There are a few hints that are used by edition-based redefinition and a few more that are mainly aimed at the runtime engine, such as the APPEND hint. The vast majority of hints, however, are optimizer hints, which fall into two categories.

On one hand, some optimizer hints really are just hints and are very useful for investigating the cause of poorly performing execution plans and for identifying possible alternatives in a SQL tuning exercise. However, the use of non-prescriptive hints on production systems is generally inadvisable because of their unpredictable behavior.

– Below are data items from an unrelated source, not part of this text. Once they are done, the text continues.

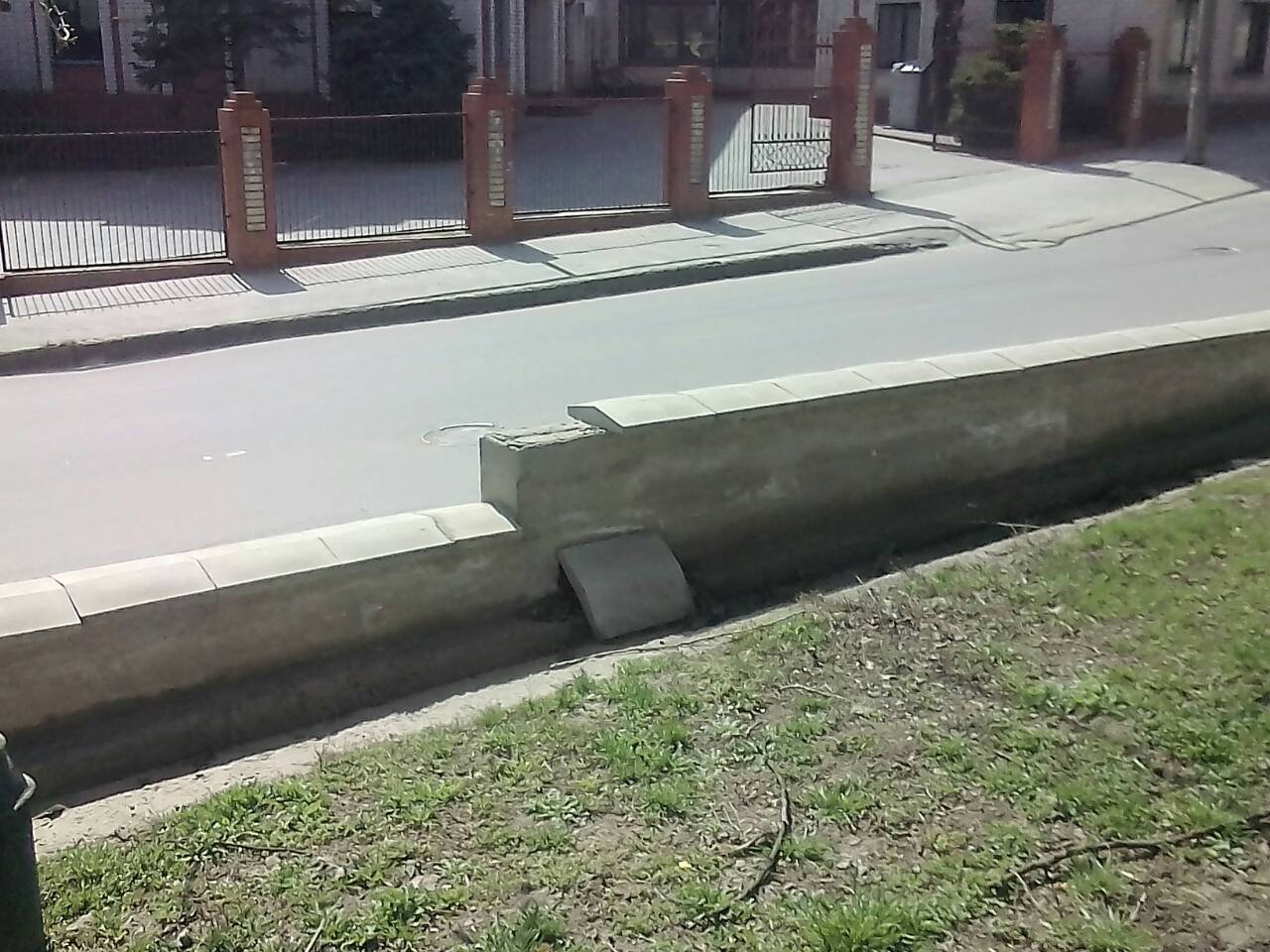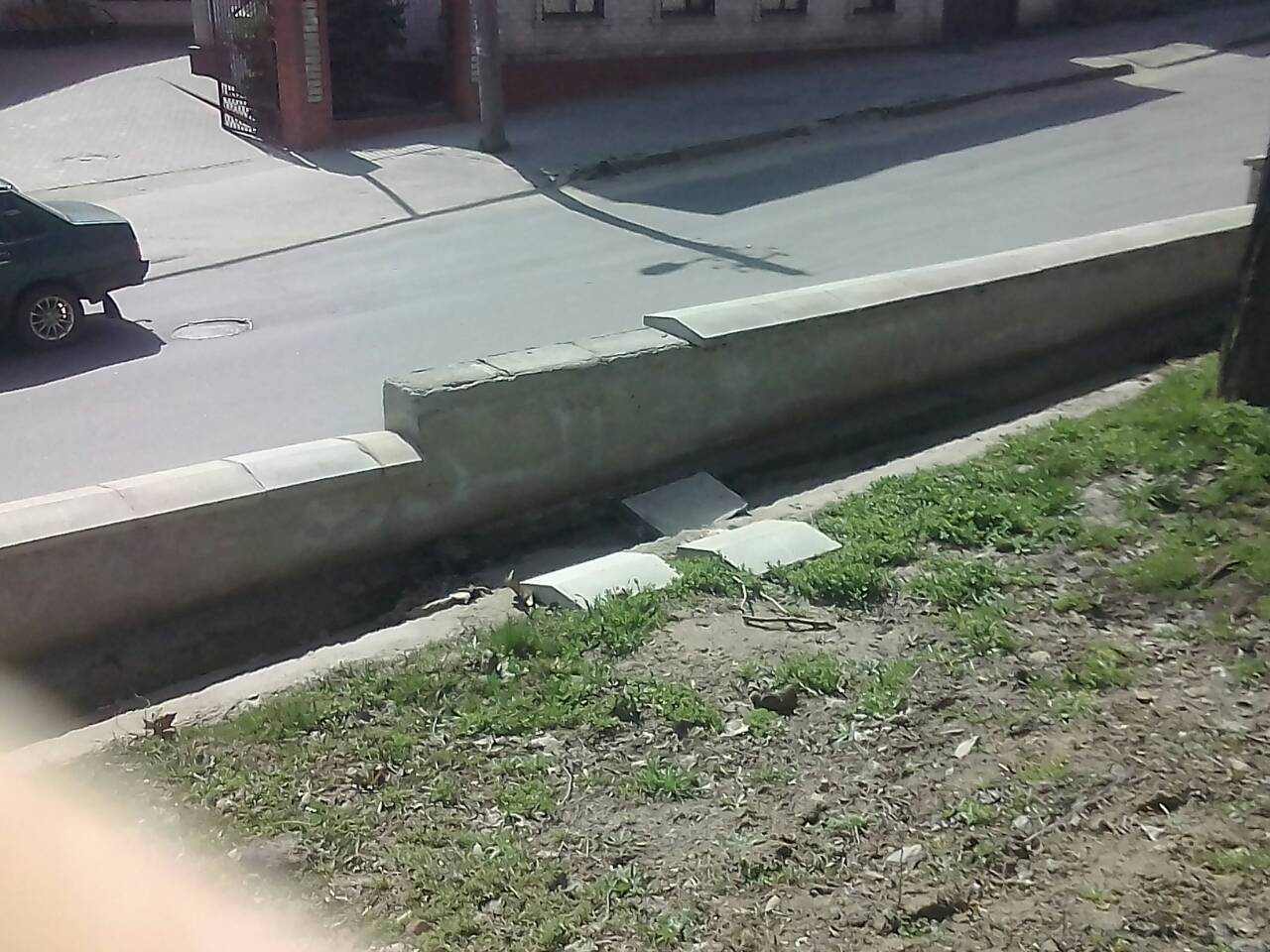 Поистине, стенку можно считать многострадальной, ведь без бетонных козырьков она остается уже не первый раз. Их установкой занималась подрядная фирма «Сейм», которая эту стену реконструировала чуть более года назад. К счастью, оторванные кем-то или же упавшие сами козырьки целые лежали рядом.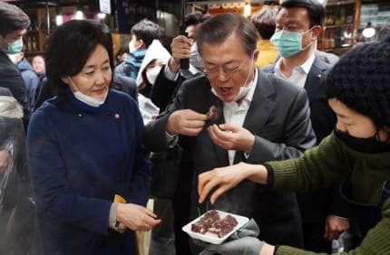 2020년 2월 12일 서울 남대문시장을 찾은 박영선(왼쪽) 당시 중소벤처기업부 장관과 문재인 대통령. /페이스북 |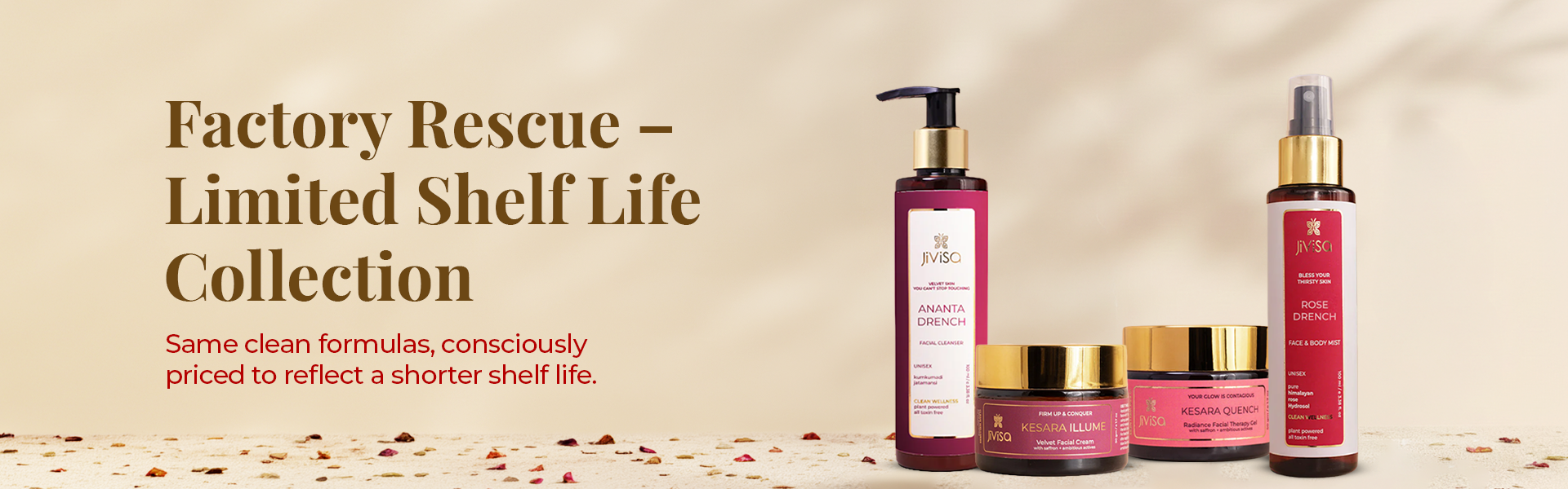 Clean, hydrating formulas, thoughtfully priced for mindful routines. This collection features select JiViSa products with a shorter shelf life, best before 07/26, perfect for trials, everyday use, and easy restocking. A smarter way to shop, a kinder way to consume.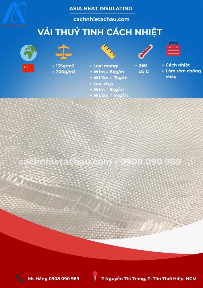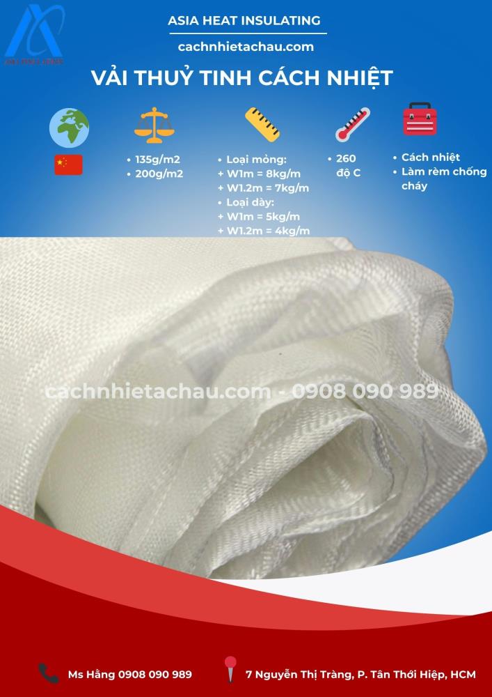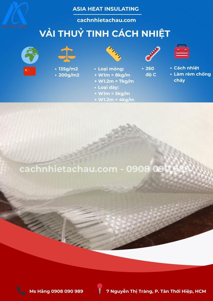Ms Hằng: 0908 090 989Các đặc tính riêng biệt của sợi thủy tinh là không cháy, cách nhiệt, tiêu âm, giảm ồn, không bị mục, không đàn hồi, chống ăn mòn, chịu được sức kéo 7400kg/m2.

On the other hand, prescriptive hints, hints that are really directives, can legitimately be used on production systems to solve some classes of performance problems. The use of hints on production systems should only be done after due consideration, not because the hints are likely to cease to function in a future release or because the level of support from Oracle will be negatively impacted but because the supporting documentation is usually very poor or non-existent. That lack of documentation has a tendency to lead to misunderstanding and misuse.

This chapter and the preceding three have covered most of the techniques that are at your disposal in your quest to optimize SQL performance. There are, however, one or two more advanced techniques that may be of use in special situations. On to Chapter 19.

__________________

¹The NO_QUERY_TRANSFORMATION hint is an alternative that may reduce the number of hints in this case.